At this point most managers despair. It’s surely easier to manage by gut feel and guesswork than try to understand the various systems behaviours?
That despair comes in part from the way we’re taught to solve problems. Intuitively we break problems down. We try to isolate the parts, ignoring the complexity. In the above example we wouldn’t relate marketing spend with staff competence. We’d talk of the marketing spend influencing customer conversion – full stop! It’s only when we embrace the complexity of the problem that we understand that simplifying the problem loses clarity.
That loss of clarity, stemming from the way we’re taught to problem solve, makes a wrong decision likely.

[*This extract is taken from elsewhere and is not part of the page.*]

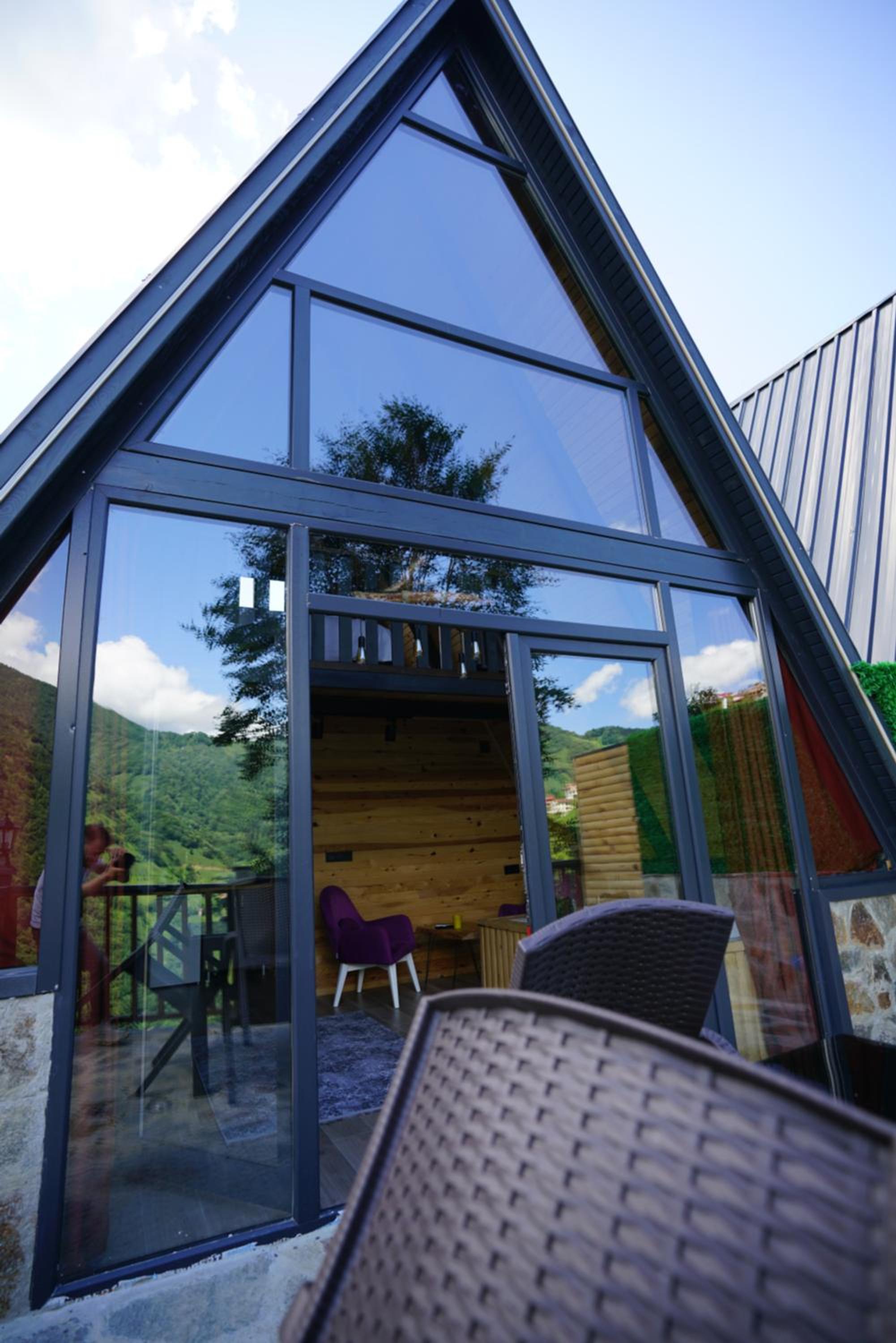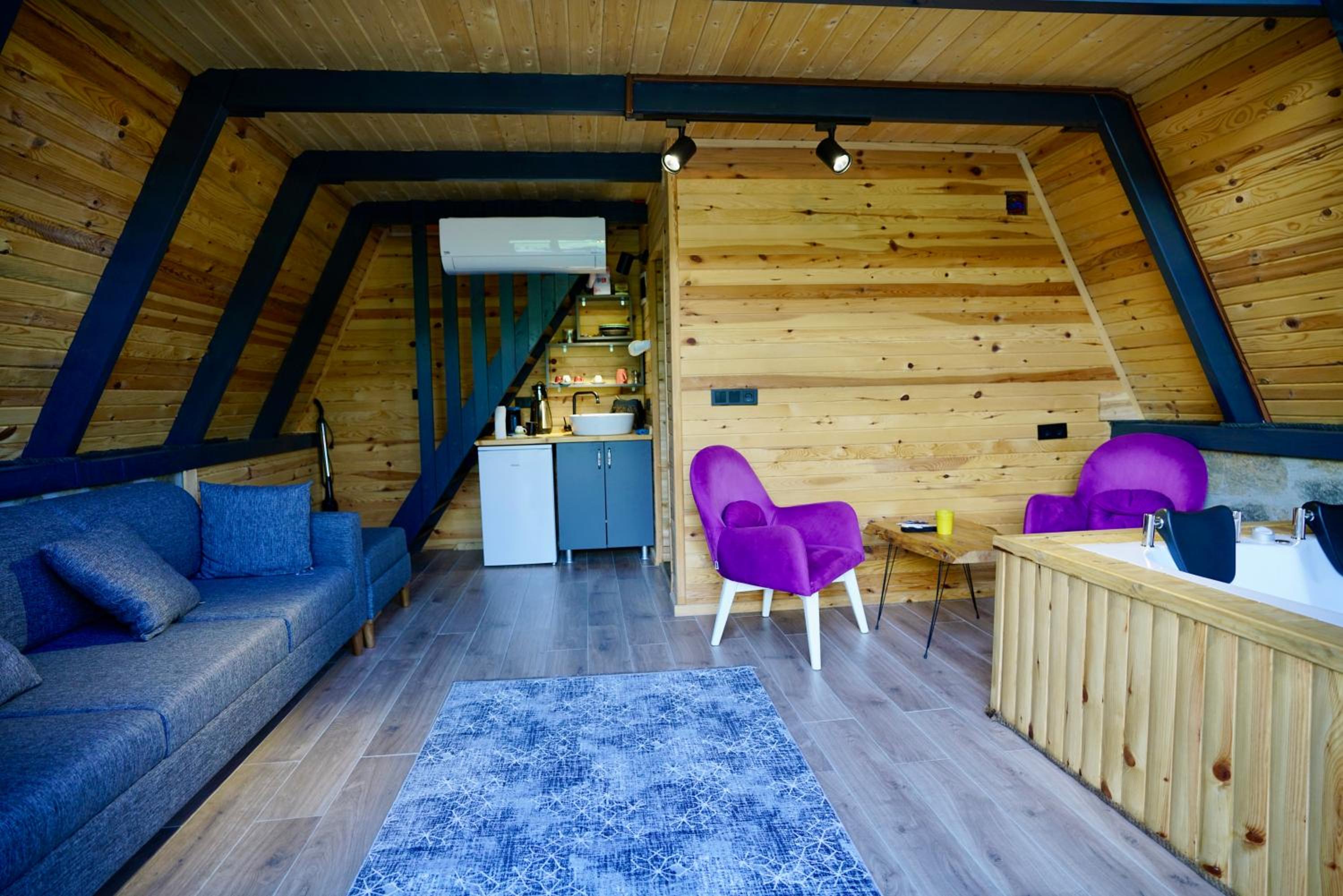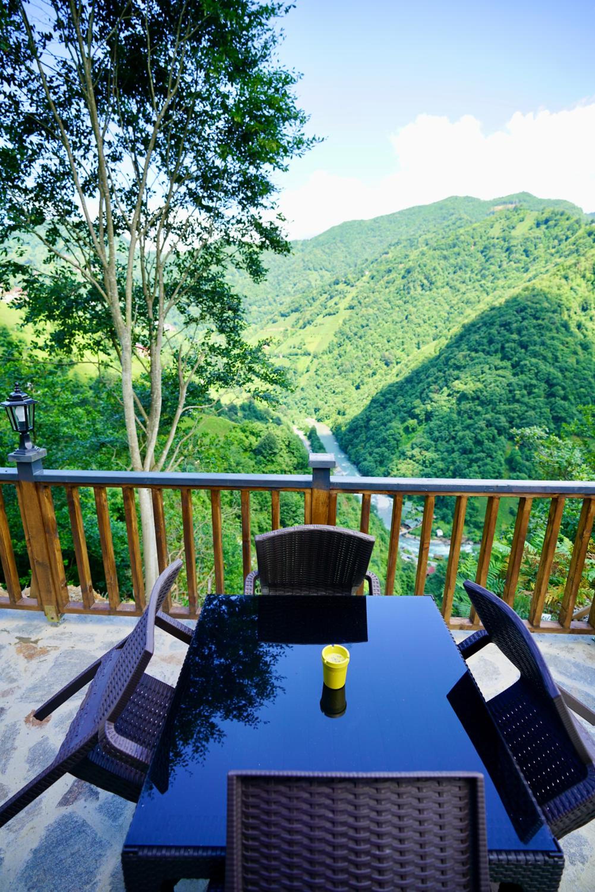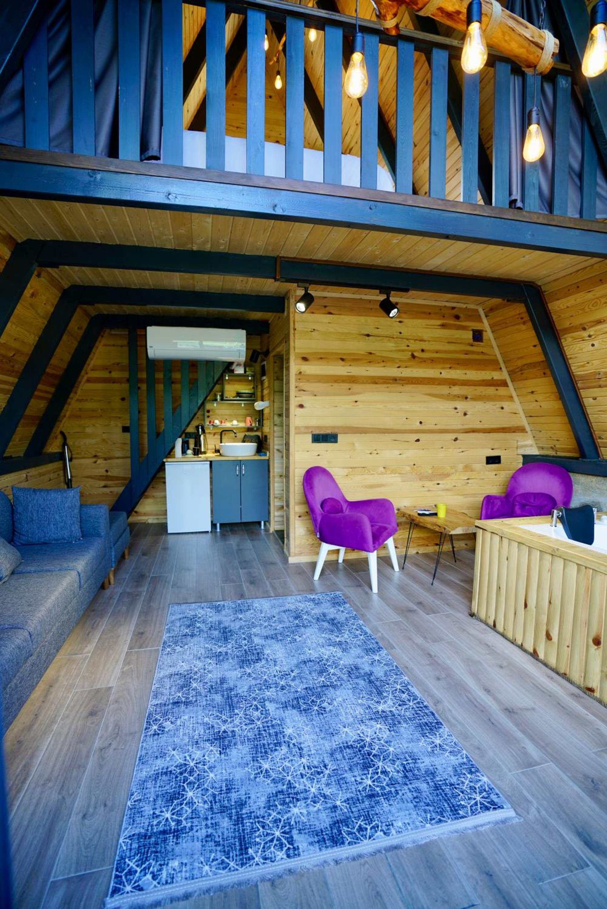 LUSER BUNGALOW, nestled in Ardeşen, boasts a charming balcony overlooking the tranquil river, offering a serene retreat. The property provides a well-equipped kitchen, cozy living area, and a private entrance for a homely feel.

On the one hand, managers know that their task is complex. But their natural approach to solving problems is reductionism – reducing the problem to simplify it. So gut feel, heuristics, wise sayings, business tips and tricks and advice from gurus prevail in search of simplicity. All are wrong, because every business is different and every business problem is unique. All business problems are complex and complex problems can’t be solved with tips and tricks.
So what to do?
The solution to the manager’s conundrum comes from engineering. If we consider the business as a system, with variables, dependencies, assets and delays, we can set up a model that shows how the firm works.
That model can then be exercised. We can ask questions like “what happens to stock if we improve the delivery times from sub-contractors”, or “to what extent will quality data in our CRM allow us to achieve our growth targets”. And we can for the first time include variables like staff knowledge, skills, beliefs and behaviour alongside the ‘hard’ assets like buildings and plant.
So to solve any business problem, particularly those involving people, business modelling is essential. It’s the only way to understand the complete picture. It’s therefore the only way to get a quality answer and hence to aid managers in making quality plans for solution.